Voice Over: (E.I.) And now a dormitory in a girls' public school.


Noise of female snores. Sound of a window sash being lifted and scrabbling sounds. Padding feet across the dorm.


First Butch Voice: (M.P.) Hello, Agnes... Agnes are you awake? Agnes....


Sound of waking up. More padding feet.


First Butch Voice: Agnes...


Second Butch Voice: (E.I.) Who is it ... is that you, Charlie?


First Butch Voice: Yeah... Agnes, where's Jane?


Third Butch Voice: (T.J.) I'm over here, Charlie.


First Butch Voice: Jane, we're going down to raid the tuck shop.


Second Butch Voice: Oh good oh ... count me in, girls.


Fourth Butch Voice: (G.C.) Can I come, too, Agnes?


First Butch Voice: Yeah, Joyce.


Fifth Butch Voice: And me and Avril...


Third Butch Voice: Yeah, rather... and Suki.


Fourth Butch Voice: Oh, whacko the diddle-oh.


First Butch Voice: Cave girls... Here comes Miss Rodgers...


Light goes on to reveal a girls' dorm. In the middle of the floor between the beds are two panto geese which run off immediately the light goes on. There is one man in a string vest and short military haircut, chest wig, schoolgirl's skirt, white socks and schoolgirl's shoes. Hanging from the middle of the ceiling is a goat with light bulbs hanging from each foot. In the beds are other batch blokes in string vests... and short hair. At the door stands a commando-type Miss Rodgers.


Miss Rodgers: (C.C.) All right girls, now stop this tomfoolery and get back to bed, remember it's the big match at St Bridget's tomorrow.


Cut to still of one of us in the uniform as described above.




Voice Over: (J.C.) Yes, on your screen tomorrow: 'The Naughtiest Girl in the School' starring the men of the 14th Marine Commandos. (cut to a picture made up of inch-square photos of various topical subjects e.g. Stalin, Churchill, Eden, White Home, atom bomb, map of Western Europe, Gandhi) And now it's documentary time, when we look at the momentous last years of the Second World War, and tonight the invasion of Normandy performed by the girls of Oakdene High School, Upper Fifth Science.

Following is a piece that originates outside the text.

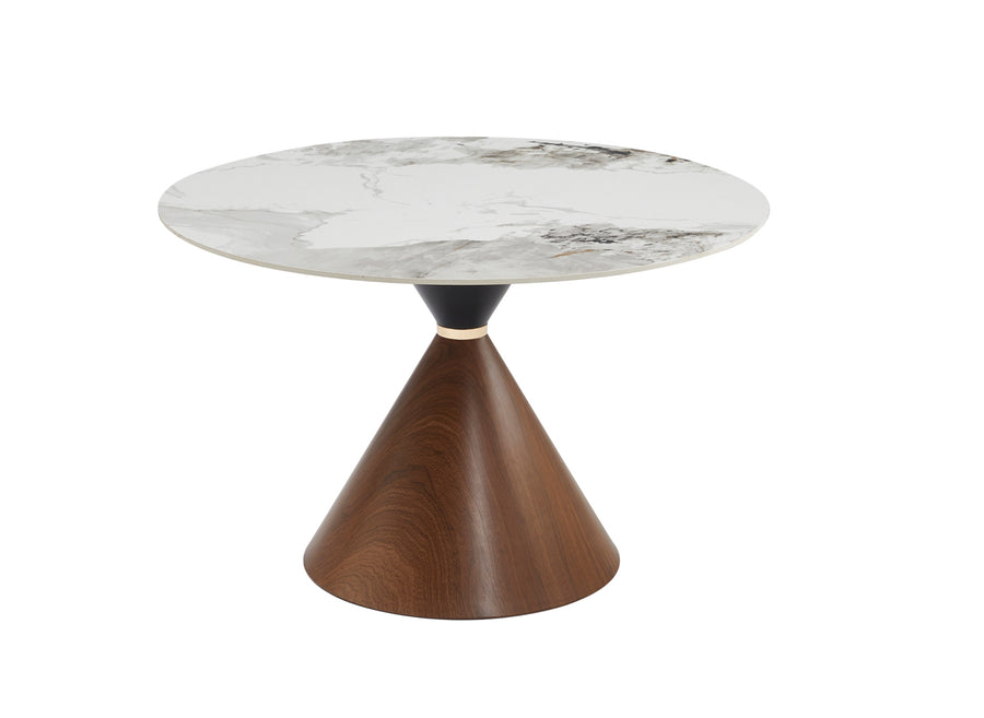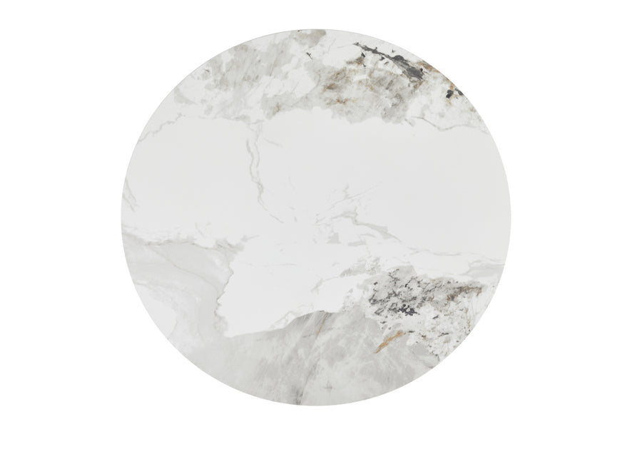 The statuesque form of the Greer Collection is an impeccable way to breathe style into your modern dining room. Combining art with function, this visually striking dinette features a rounded tabletop supported by a dramatic hourglass pedestal base. The metal base has a rich brown faux cherry wood appearance - accented by black and gold - that serves to contrast elegantly with the white and grey marble guise of the sintered stone top. Resistant to scratches, stains, and extreme temperatures, the sintered stone top is also non-porous and easier to clean and maintain than true marble. Unforgettably chic and able to comfortably seat four people, the Greer lends unmistakable charm to your contemporary dining room.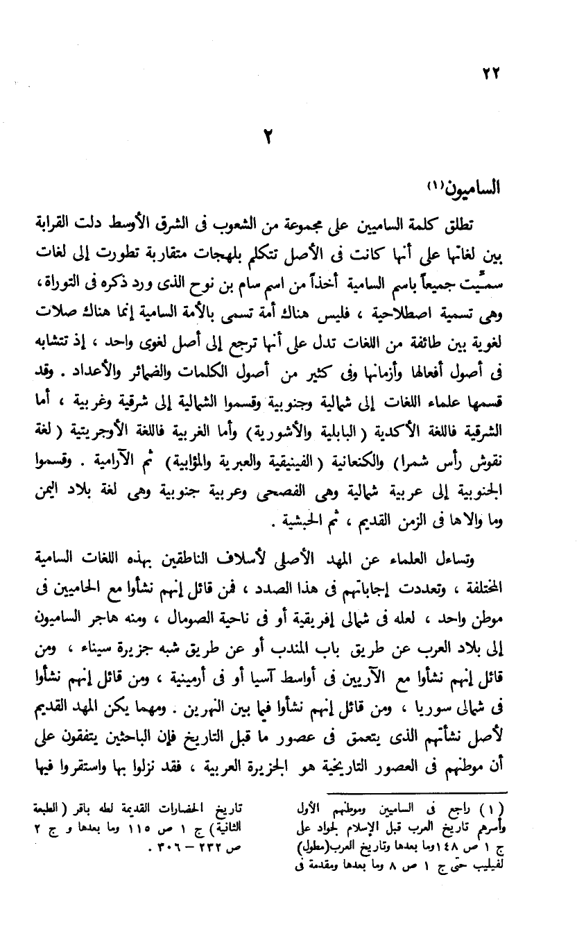 (¬1) راجع فى الساميين وموطنهم الأول وأسرهم تاريخ العرب قبل الإسلام لجواد على ج 1 ص 148 وما بعدها وتاريخ العرب (مطول) لفيليب حتى ج 1 ص 8 وما بعدها ومقدمة فى تاريخ الحضارات القديمة لطه باقر (الطبعة الثانية) ج 1 ص 115 وما بعدها وج 2 ص 232 - 306.

Stock film of amphibious craft brought up on a beach. The front of the craft crashes down and fifty soldiers rush out. We hear schoolgirl voices. Cut to traditional shot through periscope of ocean, cross-sights scanning the horizon. Submarine-type dramatic noise - motors and asdic. Cut to interior of submarine. A pepperpot looks through the periscope, then looks round at her colleagues.


First Pepperpot: Oh, it's still raining.


Her four companions continue to knit.


Second Pepperpot: I'm going down the shops.


First Pepperpot: Oh, be a dear and get me some rats' bane for the budgie's boil. Otherwise I'll put your eyes out.


Second Pepperpot: Aye, aye, captain. (goes out)


Attention noise from the communication tube. A red light flashes by it.


Voice: Coo-ee. Torpedo bay.


First Pepperpot: Yoo-hoo. Torpedo bay.


Third Pepperpot: She said torpedo bay.


First Pepperpot: Yes, she did, she did.


Fourth Pepperpot: Yes, she said torpedo bay. She did, she did.


Voice: Mrs. Lieutenant Edale here. Mrs. Midshipman Nesbitt's got one of her headaches again, so I put her in the torpedo tube.


First Pepperpot: Roger, Mrs. Edale. Stand by to fire Mrs. Nesbitt.


All: Stand by to fire Mrs. Nesbitt.


First Pepperpot: Red alert, put the kettle on.


Voice: Kettle on.


First Pepperpot: Engine room, stand by to feed the cat.


Voice: Standing by to feed the cat.


First Pepperpot: Fire Mrs. Nesbitt.


Animation: a pepperpot is fired from a torpedo tube through the water, until she travels head first into a battleship with a load clang.


Mrs. Nesbitt: Oh, that's much better.


Cut to a letter as in the last series, plus voice reading it.


Voice Over: As an admiral who came up through the ranks more times than you've had hot dinners, I wish to join my husband Admiral O.W.A Giveaway in condemning this shoddy misrepresentation of our modern navy. The British Navy is one of the finest and most attractive and butchest fighting forces in the world. I love those white flared trousers and the feel of rough blue serge on those pert little buttocks!


Cut to a man at a desk.


Presenter: I'm afraid we are unable to show you any more of that letter. We continue with a man with a stoat through his head.


Cut to man with a stoat through his head. He bows. Cut to film of Women's Institute applauding.